There were many great talks covering LLMs, vector search, and hybrid search at this year’s Buzzwords conference.
- For an example demonstrating the use of LLMs to great effect in search, see Jo Kristian Bergum’s talk, "Boosting Ranking Performance with Minimal Supervision" which outlined how LLMs could be leveraged for synthetic labeled data generation to train in-domain ranking models with minimal human feedback.
- Vector Search has been gaining significant attention and has quickly become one of the most promising technologies in information retrieval.
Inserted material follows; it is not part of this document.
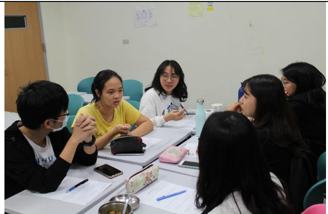
同學小組討論交流想法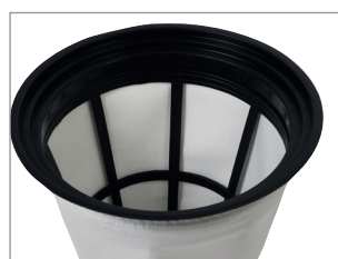
SANIFILTER - FILTRO CON TRATTAMENTO ANTIBATTERICO

For an excellent overview of how vector search can be integrated with a classic search engine, see Atita Arora’s talk, "Vectorize Your Open Source Search Engine" where Atita demonstrated the usage of bi-encoders to project queries and documents into a latent embedding vector space for nearest neighbor-based similarity search.
- Byron Voorbach from Weaviate shared their exciting journey on both keyword and vector search in their talk, "From keyword to vector" which was a gold mine of valuable, practical tips from hard-earned lessons.
- Roman Grebennikov & Vsevolod Goloviznin gave in our opinion, one of the most simultaneously entertaining and edifying presentations of the conference, "Learning to hybrid search" which was a fantastic overview of hybrid search and demonstrated why it is likely the best choice in practice, especially in an e-commerce context.
Integrating AI into search is a complex process that requires careful planning, collaboration, and consideration. By continuing to invest in these new search technologies at a consistent pace, we are excited to continue unleashing the potential of AI to provide the best search experience for our users!